Why Has American Pool Not Gained Traction in the UK?
Firstly I want to say a big thank you to everyone that responded to last weeks email requesting some further information from you guys and girls. There are now some filtered sections of our email list that will be used to try and give you more relevant information. [If you are not a member then you can sign up >>> HERE]
In addition it was great to see a good chunk of you respond to our potential meet-up and coaching session. Apologies if I haven't yet responded to your emails this week but we have been moving software system and that has been grabbing my time.
Why has American Pool not gained Traction in the UK?
This weeks email is quite self-explanatory and again will not suit every reader but I hope you get some value out of it.
I want to take a look at why American Pool hasn't really gained traction in the UK. These insights are my own personal take on why the game hasn't quite moved forward. These insights look at the amateur side of the game that is where the future is developed.
Of course we have had major success since the mid-2000s at professional level. Darren Appleton, Daryl Peach, Jayson Shaw, Karl Boyes and Chris Melling have all won major International titles and Mark Gray has dominated on the European Tour.
This unprecedented success at European and World level saw 3 British players compete as part of the 5-man Team Europe in the most recent Mosconi Cup, thrashing the US team once again at their own game.
Why we have this success at world level needs another article but I want to take a look at a few things below as to why I believe the game has stagnated in the UK.
1. Access to Tables
A lot of snooker halls across the UK, since the smoking ban, have seemed to fade away so a lack of tables is not just restricted to the American Tables. There are less Snooker tables and UK Pool Tables. As a direct affect of this once thriving pool leagues are now seemingly struggling to hold on.
My first reason for a lack of development of American Pool is simply down to the access of the pool tables. American Tables, in the traditional sense, are 9ft x 4.5ft so are quite large and bulky items. Only select venues have the space to have the tables on site and lets not forget that snooker still dominates in this Country. Rileys clubs used to have the vast majority of American tables in the UK, where venues have gone from over 120 at the high point to around 50 now that is a lot of opportunity gone at grassroots level.

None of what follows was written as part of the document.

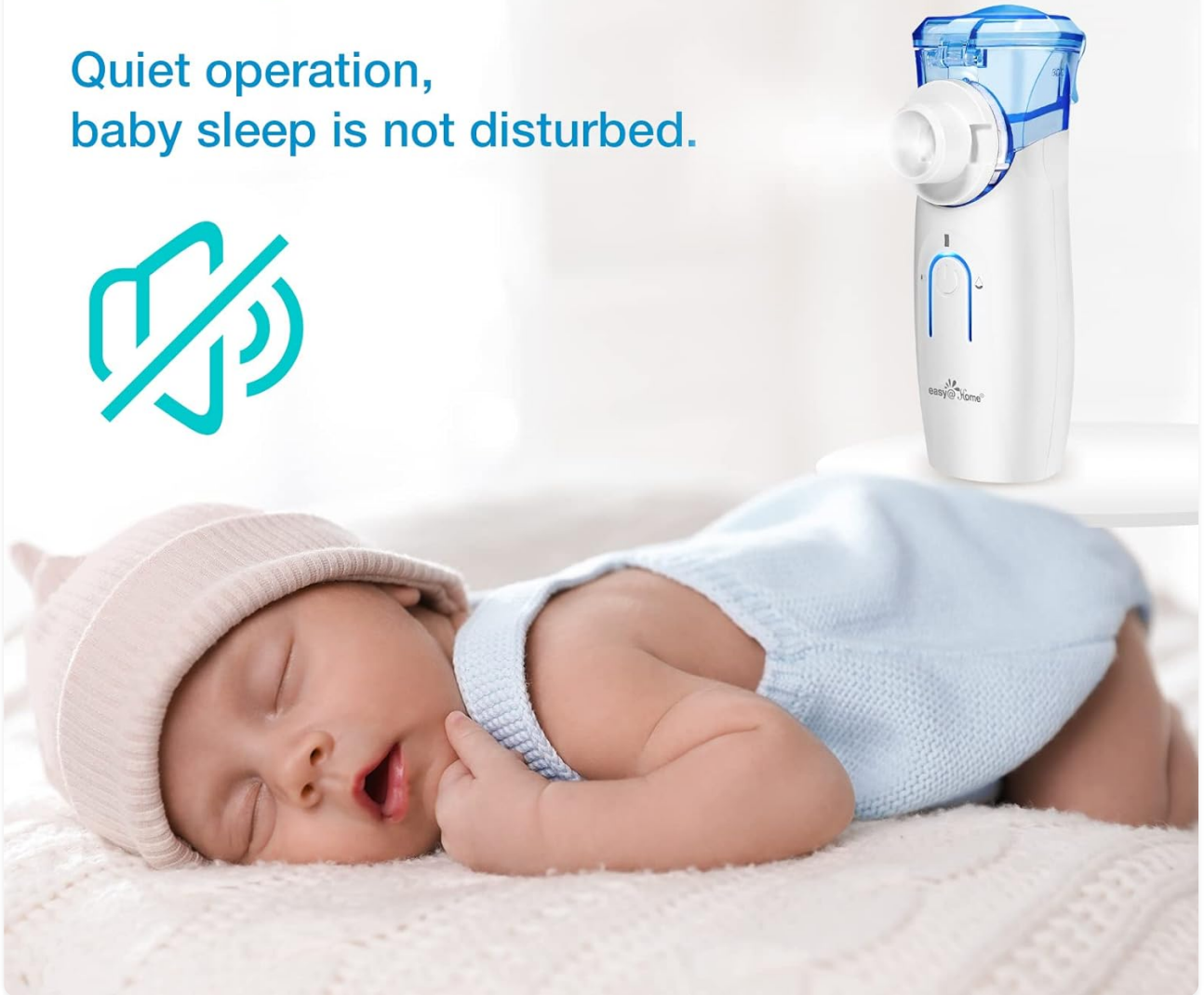
Image: The nebulizer's super quiet operation ensures that even a sleeping baby is not disturbed during use.

In order for any sport to develop, be it pool, badminton or basketball, there first has to be access to the correct equipment.

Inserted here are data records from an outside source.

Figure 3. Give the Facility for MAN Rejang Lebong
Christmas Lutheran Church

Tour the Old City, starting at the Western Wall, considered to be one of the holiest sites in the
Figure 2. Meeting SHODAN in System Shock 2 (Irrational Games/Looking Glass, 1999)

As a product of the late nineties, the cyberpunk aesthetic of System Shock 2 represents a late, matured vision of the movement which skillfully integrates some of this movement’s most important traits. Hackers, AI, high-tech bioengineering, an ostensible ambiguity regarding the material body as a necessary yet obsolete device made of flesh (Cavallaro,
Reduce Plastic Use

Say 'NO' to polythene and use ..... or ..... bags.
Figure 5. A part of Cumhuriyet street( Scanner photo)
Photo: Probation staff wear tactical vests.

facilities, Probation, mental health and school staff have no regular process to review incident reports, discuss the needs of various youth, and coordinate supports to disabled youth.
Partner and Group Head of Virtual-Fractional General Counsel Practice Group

Of course there are 'barbox' tables that are popular in the USA but I will explain why they haven't taken off in the UK.
2. UK Pool Table Manufacturers would want to suppress the development
We have our own version of pool in the UK and the tables are invariably made here by manufacturers that are British and have a long history. These manufacturers would not take too kindly to US style 'barbox' tables becoming popular in bars across the UK.
I am not suggesting that there is a conscious effort to suppress the game but it makes financial sense for these table makers to try and keep their monopoly within pubs and clubs where they can. There is of course nothing stopping you playing 9 Ball on a UK pool table but it just isn't quite the same.

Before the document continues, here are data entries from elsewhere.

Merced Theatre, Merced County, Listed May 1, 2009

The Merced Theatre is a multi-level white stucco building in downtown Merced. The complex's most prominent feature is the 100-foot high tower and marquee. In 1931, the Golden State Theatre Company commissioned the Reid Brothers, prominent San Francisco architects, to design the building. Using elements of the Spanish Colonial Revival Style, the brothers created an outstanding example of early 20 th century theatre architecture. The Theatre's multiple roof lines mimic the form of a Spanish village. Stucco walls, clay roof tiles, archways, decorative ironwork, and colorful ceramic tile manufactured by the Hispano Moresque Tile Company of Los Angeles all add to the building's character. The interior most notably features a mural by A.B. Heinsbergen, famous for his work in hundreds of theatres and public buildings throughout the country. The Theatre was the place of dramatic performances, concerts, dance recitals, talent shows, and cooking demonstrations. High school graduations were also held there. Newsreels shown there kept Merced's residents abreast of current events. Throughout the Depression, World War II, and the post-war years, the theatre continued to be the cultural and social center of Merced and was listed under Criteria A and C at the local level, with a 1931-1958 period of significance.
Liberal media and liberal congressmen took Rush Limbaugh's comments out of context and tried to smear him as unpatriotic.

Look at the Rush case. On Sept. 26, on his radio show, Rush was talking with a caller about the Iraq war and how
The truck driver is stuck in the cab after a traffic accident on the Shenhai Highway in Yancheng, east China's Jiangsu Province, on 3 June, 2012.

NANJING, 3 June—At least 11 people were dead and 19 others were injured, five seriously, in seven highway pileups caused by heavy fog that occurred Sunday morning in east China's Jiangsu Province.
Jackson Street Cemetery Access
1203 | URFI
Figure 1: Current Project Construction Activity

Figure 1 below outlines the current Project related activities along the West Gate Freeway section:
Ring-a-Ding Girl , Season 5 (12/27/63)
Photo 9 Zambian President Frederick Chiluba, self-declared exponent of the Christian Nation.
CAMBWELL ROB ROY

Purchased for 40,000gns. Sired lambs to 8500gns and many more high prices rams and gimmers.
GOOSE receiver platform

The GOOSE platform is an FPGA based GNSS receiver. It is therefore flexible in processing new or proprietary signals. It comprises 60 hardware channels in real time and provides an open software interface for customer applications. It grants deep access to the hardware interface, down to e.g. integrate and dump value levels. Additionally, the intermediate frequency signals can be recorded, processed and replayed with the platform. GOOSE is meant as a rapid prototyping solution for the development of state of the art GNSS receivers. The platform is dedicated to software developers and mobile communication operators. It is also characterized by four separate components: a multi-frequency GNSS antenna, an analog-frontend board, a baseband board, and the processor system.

A whole industry is built around UK pool and an influx of different tables could cause problems for UK jobs, so in one way it could be seen as important to suppress the development of the game at grassroots level.
When you walk into a large pool or snooker club with American tables you will probably notice that most of those tables are in use.
This is of course a good thing.
However, when you delve a little deeper you realise that most of the people playing on them are just playing a version of UK 8 Ball on a larger American table. Although there is a version of 8 Ball played on American tables it is different, what should be happening is education. Clubs and more regular players should try and take an active approach to teach 9 Ball, 10 Ball and even some of the more obscure disciplines like One Pocket or Straight Pool. At the same time equipment can be discussed to give a more focussed approach to the needs of an American Pool player.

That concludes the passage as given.